Здесь нет даже часов, чтобы тикали, нарушая глухоту юрловской глубинки.
Созерцая вышнюю бурю, вижу, как время поглощает свет звёзд,
солнце гаснет. Из тока водовращения судеб не выйти,
но вкус воды ясен. И он по нутру как кагор, впрочем, я не люблю алкоголя.
Мне ближе приникнуть к доброте, чем делать добро,
мне ближе дыхание, чем рассужденье. Многое чувству понятней,
единому вечному чувству доступней, чем мысли; в пятнах душа,
вопль её заставляет проснуться из самого древнего сна.
Чувство бурлит, размышление тянется. Многим, знаю, знаком сон в сумерки.
Вдруг, после чашки обычного кофе (последняя, вечером чая не пить),
глубоко-глубоко, как не всегда бывает и ночью, до окостенения, оледенения,
когда в парк, в статую девы Кассандры спящий превращается.
Проснулся, кричит уже самым своим существом, ум всклокочен,
ведь не то, чтобы знаки, или сюжет, или же нечто иное, нет:
бурю увидел, ту самую бурю начала творения.  

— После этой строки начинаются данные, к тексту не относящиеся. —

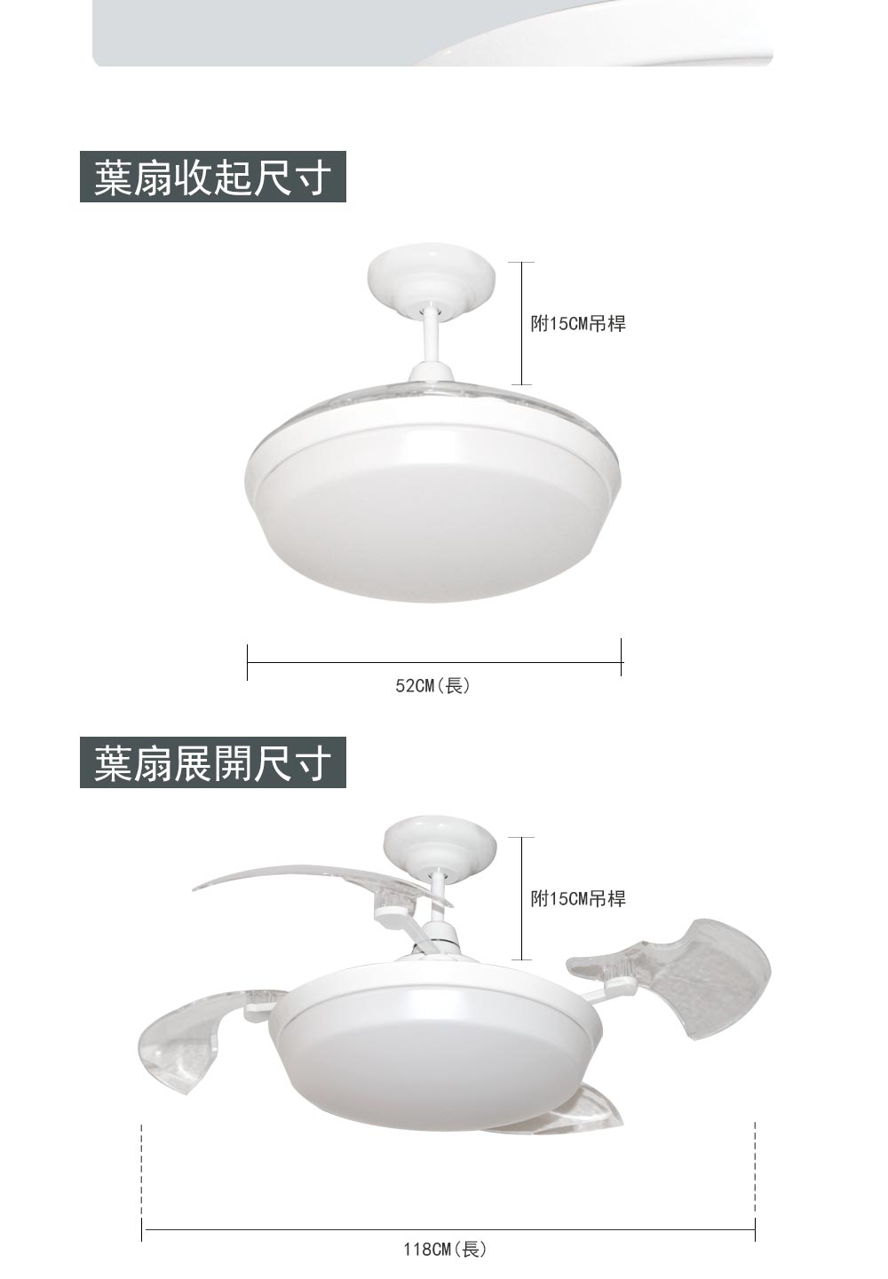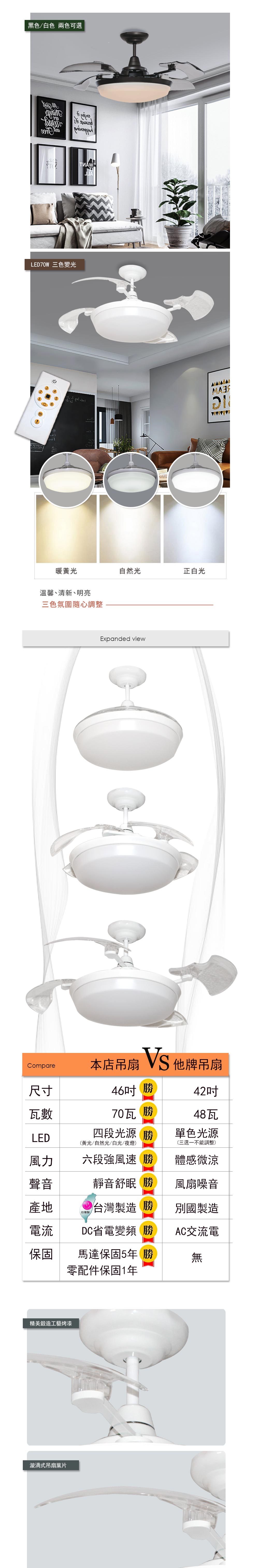 品名 46吋 尊爵黑/DC變頻隱形吊扇 LED 70W四段色光/附遙控器 描述 吊扇規格:46吋 Ø188mm×18mm 壓克力燈罩 重量:約16kg 光源 內附LED 70W四段光源 (白光/黃光/自然光/小夜燈) 附件 專用遙控器 適用 5-6坪

Может быть, видел, как Ангел Сумерек прикрыл пледом с помойки бомжа и собаку.
Лампы включаю, мёрзну от дикой тревоги (бывает тревога домашней, хотя
тревога больше похожа на кошку, а кошки не приручаются).

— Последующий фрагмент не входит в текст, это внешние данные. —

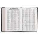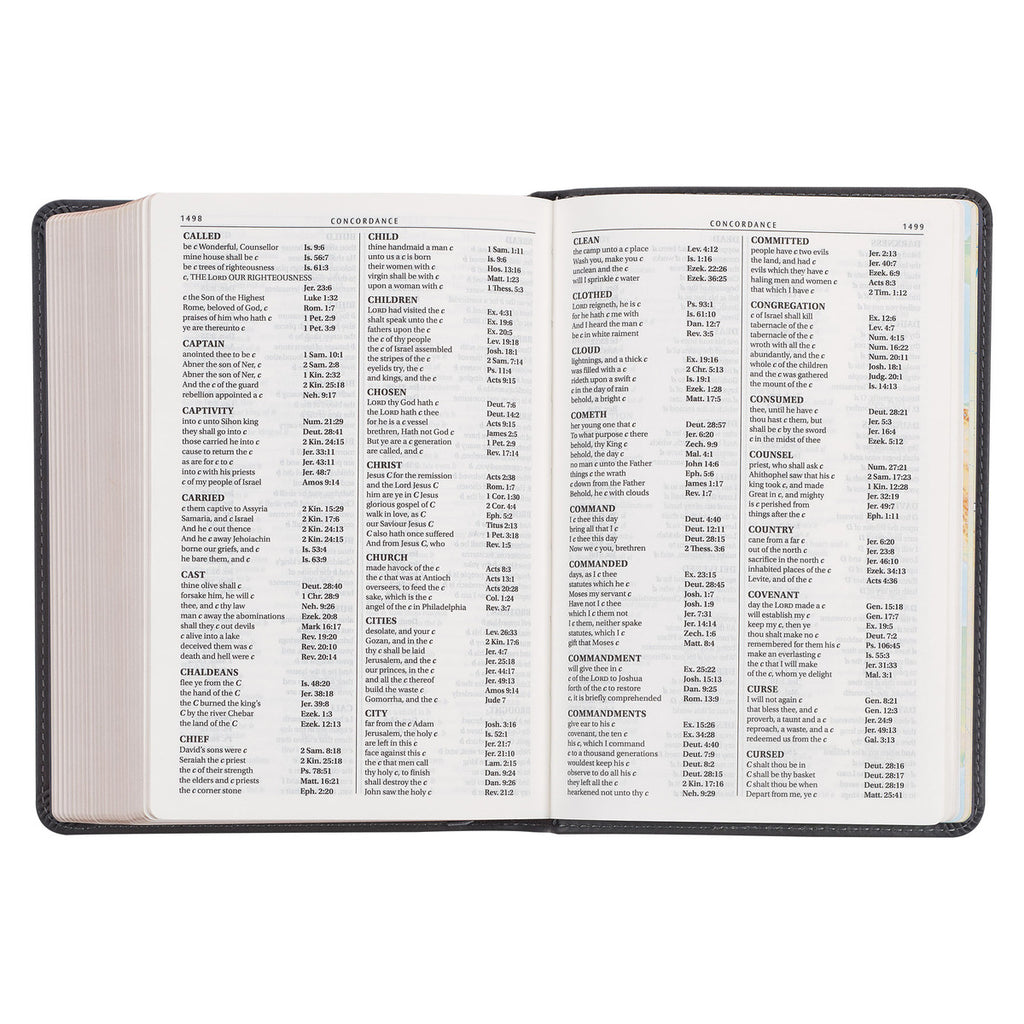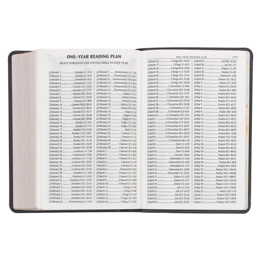 An additional heat-debossed frame with the rose-gold-foiled title decorates the Smyth-sewn spine that conveniently opens flat without damage. Numerous user-friendly features are included in the Bible to ensure enhanced readability. Double-column formatting and 10-point type ensure effortless reading and quick navigation. Valuable resources such as a thematic Scripture verse finder, concordance, one-year reading plan, and eight full-color maps assist in studying Scripture and understanding its context. Additionally, the distinctive feature of Christ's words printed in red ink adds visual emphasis and makes them stand out within the text.

Вот тут вспоминается многое: порошковый вкус молока,
не было прежде такого, красно-бело-синяя пирамидка,
что потом превращается в голубовато-белую башню,
тусклый свет в ванной (эмаль желтоватая), шампунь дорогой,
десять рублей, десяток яиц, вот и все деньги, и никого. Ничего. Не одна.
Судьбы сметает чужой добротою и одновременно завистью
(порознь эти подруги не ходят), чужой опостылевшей дико любовью
(а сама-то цыганка), чужой глуповатою волей (была бы дурацкой, было б живей),
словом, зимней сумеречной круговертью. Так что хвала тебе, темнота.

Смерть и болезнь - проявления жизни, а вовсе не сёстры её. Жажда и голод идут
следом за ними, по счастью, их, будто крыс, не заметно, пока.
Смерть и болезнь, жажда и голод стоят на свету, как шпана. Жизнь скрывается
в темноту. Скорее, грядущая ночь. Вспомни всех тех, кто обо мне вспоминает.
Вспомни.
...............................
Буря срывает все снасти.
Лишь порой забытьё, как отдых.
Непонятно одно: как всё то, что мне дано, что мне вверено, удержалось -
не иначе как Некто и Негде, а свечи в окне - точно Троица - во мне есть и живёт.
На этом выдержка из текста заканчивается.